Fuite en avant sécuritaire : Laurent Wauquiez veut expérimenter la reconnaissance faciale en Rhône-Alpes

Pas un jour ne passe en France sans qu’il y ait une atteinte grave contre les libertés publiques. Ici, c’est dans le Rhône-Alpes que le président de région, Laurent Wauquiez veut expérimenter la reconnaissance faciale. Ce projet ultra-sécuritaire est porté par les partisans de la droite dure. Il a été voté ce lundi 19 juillet à l’assemblée régionale.

Le programme définit les grandes orientations en terme de sécurité pour les années 2021-2028. Il prévoit de déployer dans les gares et les trains de nouvelles technologies de surveillance. Si le projet arrivait à son terme, les visages des voyageurs transitant sur les réseaux ferrés de la région Auvergne Rhône- Alpes seraient scannés en permanence par des caméras dernier cri. Une surveillance biométrique de masse et une intrusion directe dans la vie privée de milliers d’usagers.

Pour mettre à l’œuvre son programme, Laurent Wauquiez veut accorder un budget pharaonique pour son entreprise liberticide. Une enveloppe de 300 millions d’euros. D’autres mesures viendraient s’ajouter à la modernisation des dispositifs de surveillance et au déploiement de la reconnaissance faciale : augmentation des effectifs de la police ferroviaire, création d’une brigade régionale de sécurité pour venir en appui dans les lycées, boutons d’alarmes silencieux pour les commerçants…

En bref vous l’avez compris, toujours plus de police et toujours plus de surveillance. Ailleurs en France, des expérimentations de ce nouveau genre existent ou ont déjà existé. Des dispositifs de reconnaissance faciale ont déjà été testés lors du carnaval de Nice où lors de matchs de football dans l’enceinte du stade à Metz. La police aussi utilise des logiciels de reconnaissance. Plus de 400.000 fois par an via le fichier de traitement des antécédents judiciaires. Une base de données qui concerne plus de 19 millions de personnes.

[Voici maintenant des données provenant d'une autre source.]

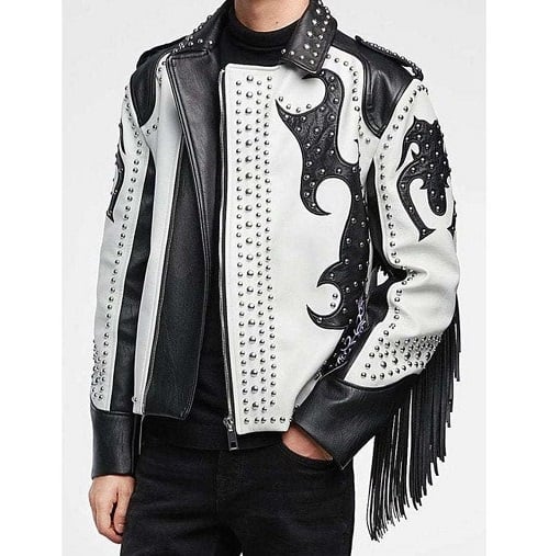 Handmade Men Two Tone Biker Studded White Leather Jacket, Motorcycle Jacket
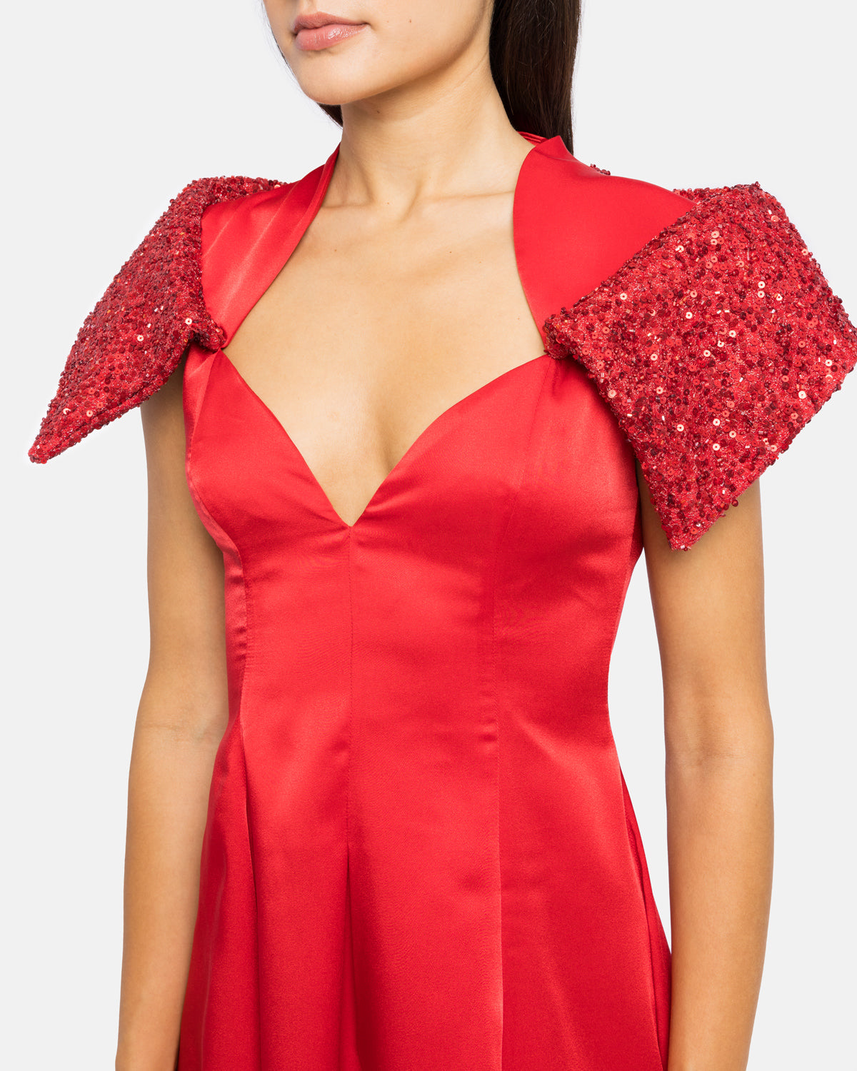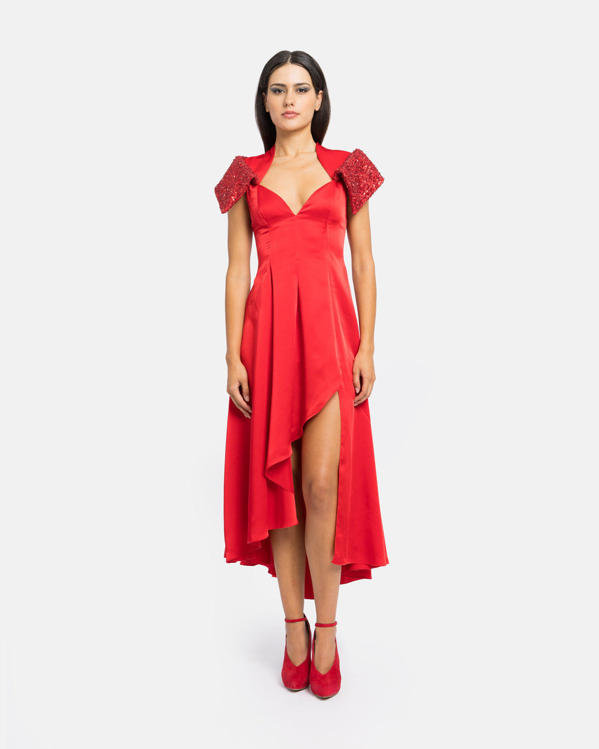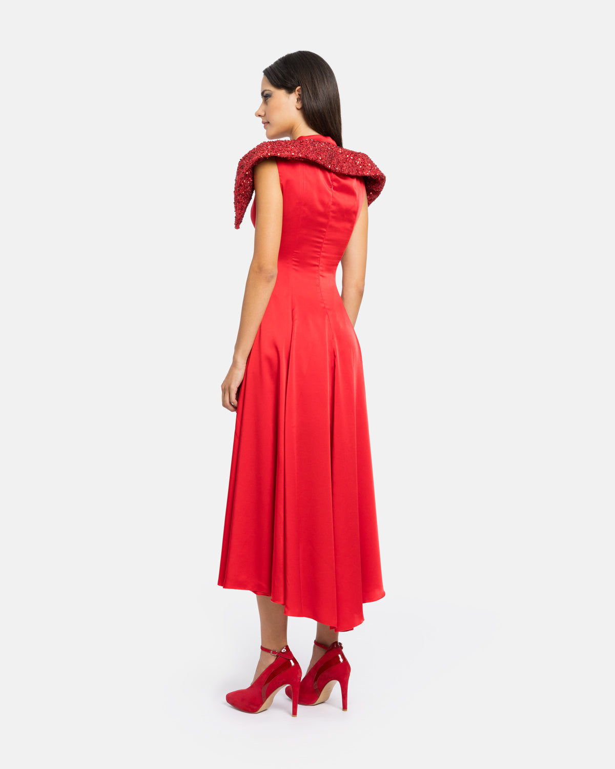 Vestido midi com mix de materiais, gola e decote alto, fluido na assimetria, com segunda gola gráfica rígida em flores 3D. Composição: Composição: |

Pour les jeux-olympiques de Paris 2024, le recours à ce type de technologie est en cours de discussion. Régulièrement des villes ou des régions utilisent tout un arsenal d’outils techno-policiers illégalement, hors de tout cadre juridique. Mais la question ne doit pas tant se placer sur le terrain de pratiques légalisées ou non. C’est de la défense de nos libertés fondamentales dont il s’agit. Veut-on vivre dans un monde qui ne garantit plus aucun anonymat, où des logiciels automatisés nous surveilleraient au quotidien ?

La reconnaissance faciale fait pour le moment office «d’exception», mais elle s’inscrit dans la lignée de 20 ans d’attaques contre les libertés fondamentales. Loi de renseignements, loi de sécurité globale, pass sanitaire… Sous couvert d’anti-terrorisme au nom de la sécurité, les dirigeants s’immiscent de plus en plus loin dans les interstices de nos vies, pour imposer un monde toujours plus orwellien. Une société de surveillance permanente.


Un futur dystopique et un bond en avant pour les tenants du totalitarisme numérique. Ne les laissons pas faire.